Why children tend not to accept a new partner

• Being protective of the parent – a watchfulness bordering on possessiveness – now faced with the possibility of someone taking over that role.

• Feeling dismayed that this new person is assuming the role of the much-loved deceased or absent parent.

• Perceiving a new partner as competition for the parent’s time with the child.

• Having difficulty thinking about the parent in an amorous relationship with someone who is not their parent.

• Thinking that the parent would remain alone, the change may make the child anxious.

What the new partner should avoid

• Avoid rushing things. Allow the relationship to develop slowly, don’t expect the partner’s children to love you or even like you initially.

• However much the children test your patience, aim for a relationship where you respect each other and treat each other fairly.
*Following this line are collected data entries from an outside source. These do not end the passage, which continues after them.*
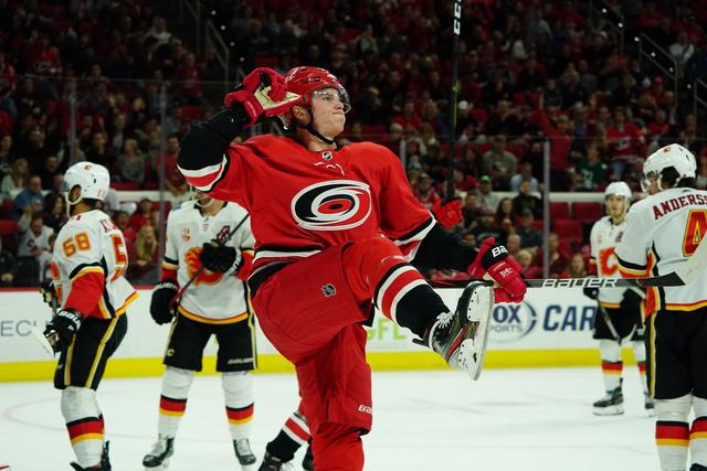 Calgary had all the momentum early on in this game and got the first goal of this contest off the stick of former Hurricane Elias Lindholm. Johnny Gaudreau would feed Lindholm with a beautiful pass that Lindholm would wire home past Petr Mrazek and the Flames would take an early 1-0 lead. A little over a minute later it looked like the Flames were off and running when Mikael Backlund would score his third goal of the season to give the Flames a 2-0 lead. Carolina would smartly challenge the goal, saying the Flames were offside and sure enough, they were. All the momentum the Flames had going for them seemed to disappear at that point and the Hurricanes would slowly start to take over.
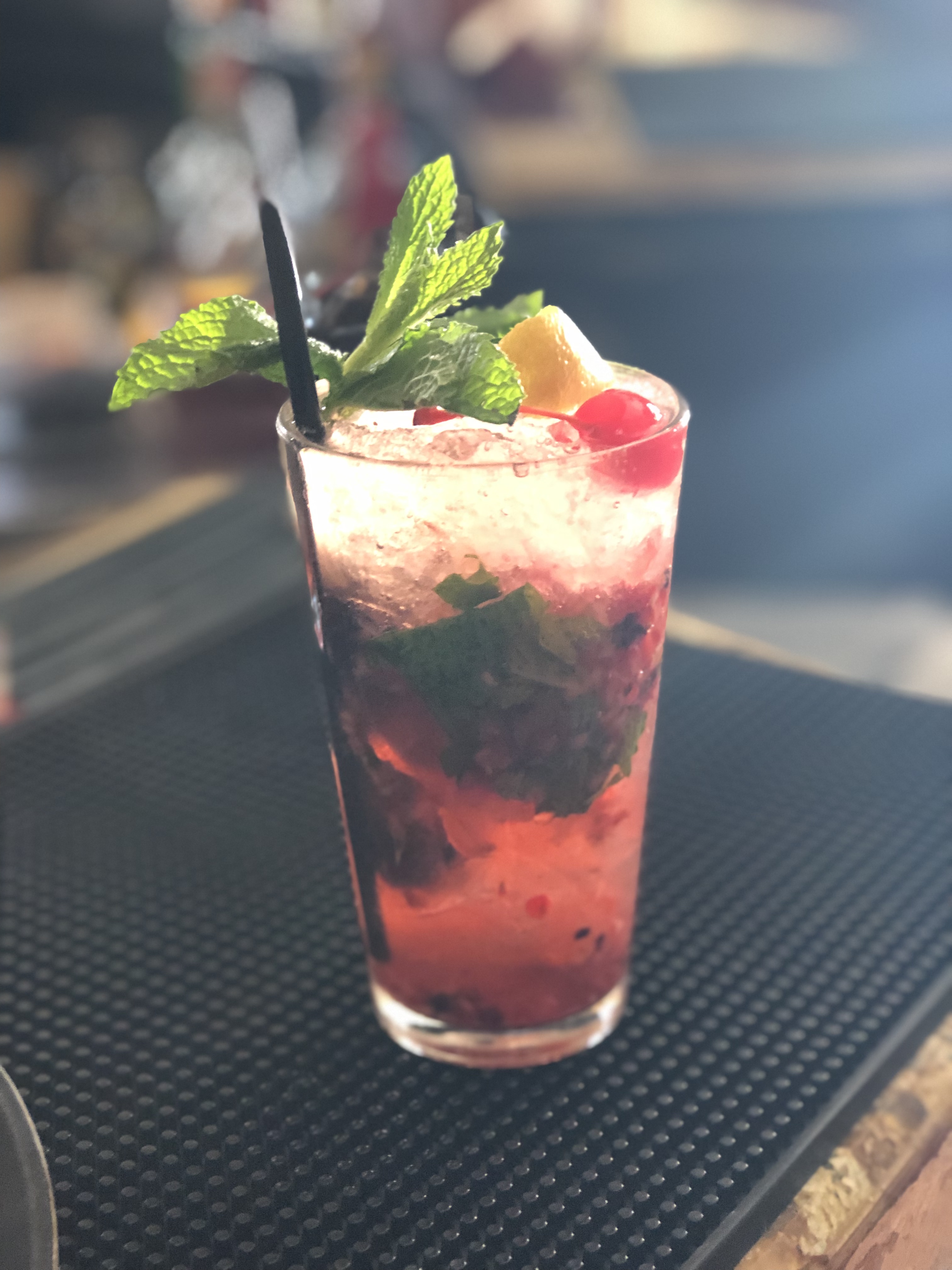 # 마지막으로 민트의 어린 싹을 장식하고(이 민트는 으깨지 않는다), 빨대를 꽂는다.
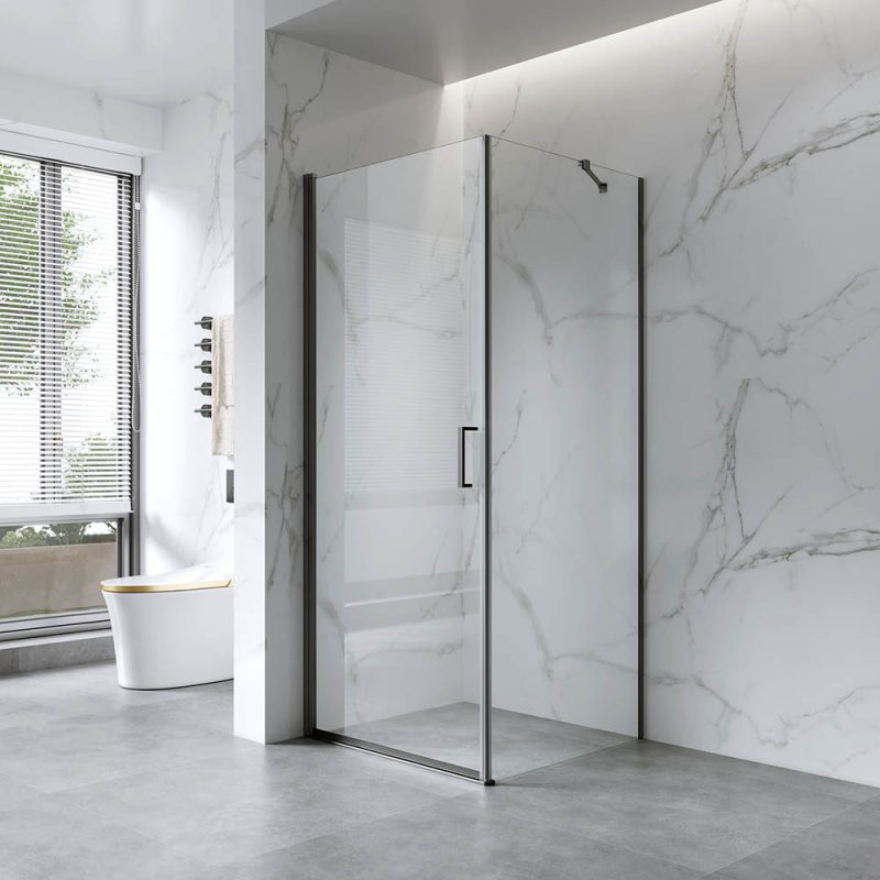 Kabina prysznicowa o wymiarach 80×80×195 cm, idealna do nowoczesnych i klasycznych łazienek. Przejrzyste szkło hartowane 6 mm oraz czarne aluminiowe profile tworzą elegancje i bezpieczne rozwiązanie. Zawias obrotowy oraz reling zapewniają wygodę użytkowania. Kabina przeznaczona jest do montażu na płytkach – bez brodzika.
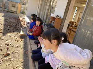 午後になり芋焼きの開始です。火が点き始めるとウッドデッキで様子を見ていたモアナ組の子どもたちが「頑張れー!!」と全力で応援してくれています。
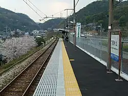 The station consists of one side platform serving single bi-directional track. Because it is located on an embankment, it is quite high from surrounding houses. The station is are located along Japan National Route 2, but the station building and platform are three stories or higher above the surrounding town.
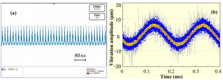 Fig. 5. (a) Picture of the temporal interferograms recorded on the OSC (Tektronix Model TDS7704B, 7 GHz bandwidth, 20 Gs/s sampling speed). (b) Vibration measurement results. Single-shot measurements based on the new data processing method (blue dots). Averaged results (yellow dots). Sine fit result (red line). Single-shot measurements based on the FFT algorithm (light gray region).
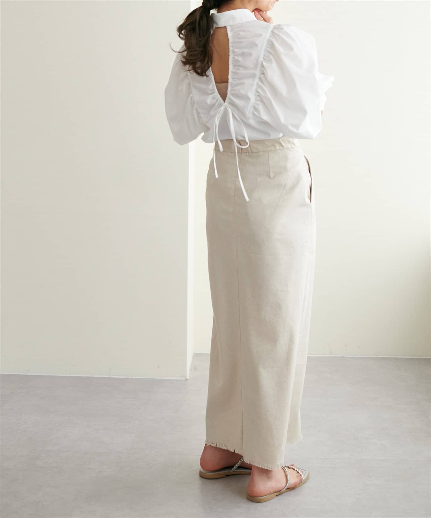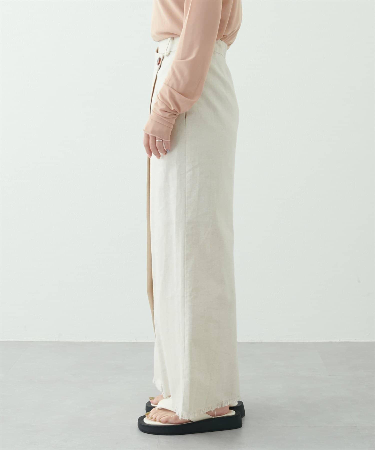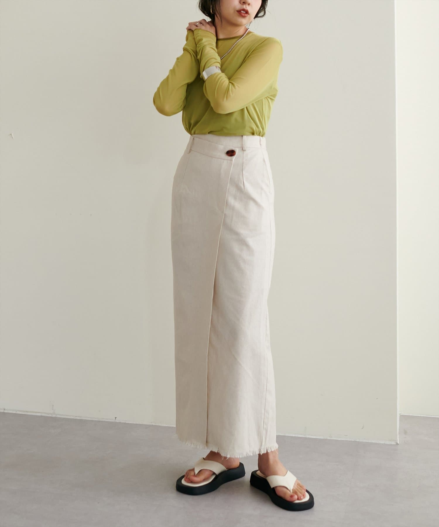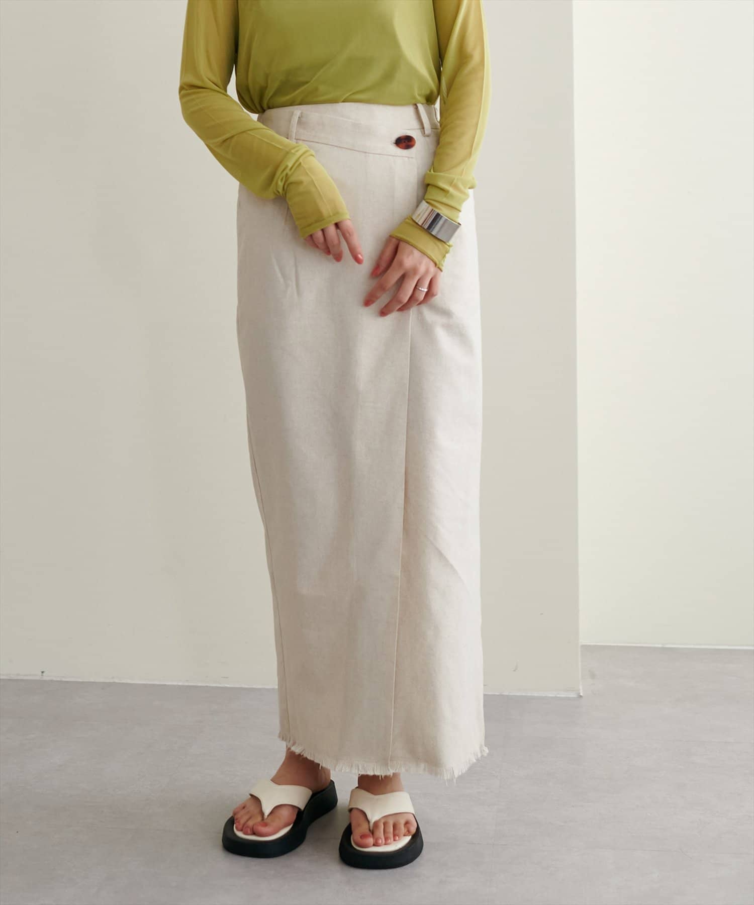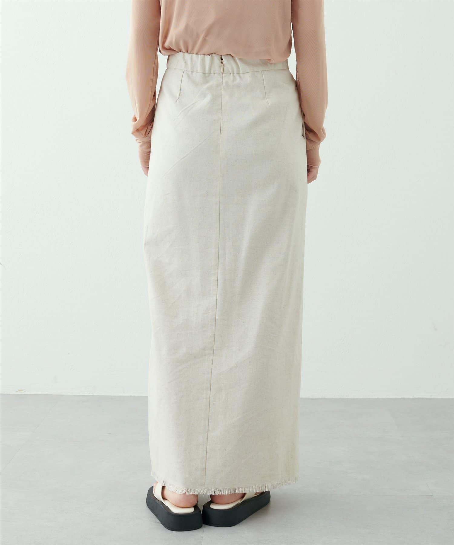 裾のフリンジが夏気分を高めるスリットスカートです。

• Be the adult and be prepared to accept a back seat when the children are around.

• Accept that it is not a competition – the bond between parents and children cannot be compared with the one in an amorous relationship.

• Make it clear that you understand that your partner’s first responsibility is to their children. It will help take pressure off both of you – your partner will need to hear that you accept this.

• Try and be relaxed about things – your partner can give you their undivided attention when the children are not present.

• Remember you are not a substitute parent; be supportive but don’t expect to take on a parenting role.

• Don’t criticise, complain or even joke about the other parent in front of the children. Children of all ages struggle with loyalty issues, so be sensitive.

• Remember that your partner is parent first and your partner second. Part of being a good parent is having a good co-parenting relationship with the other parent.

• Accept that there will need to be communication between your partner and their ex-partner about the children. Good communication is essential if things are going to work well for the children.

• Try to understand the loyalty conflicts your partner might experience even if they don’t say it. There will be times when they feel pulled in several directions.

Carmen Galea works as a school counsellor at the St Paul’s Bay primary school as part of a project run by the Blossom Foundation and The President’s Trust. She is a founding member and currently vice chairwoman of Home-Start Malta. She was president of the Malta Association for the Counselling Profession for seven years and membership chair of the International Association for Counselling for five years.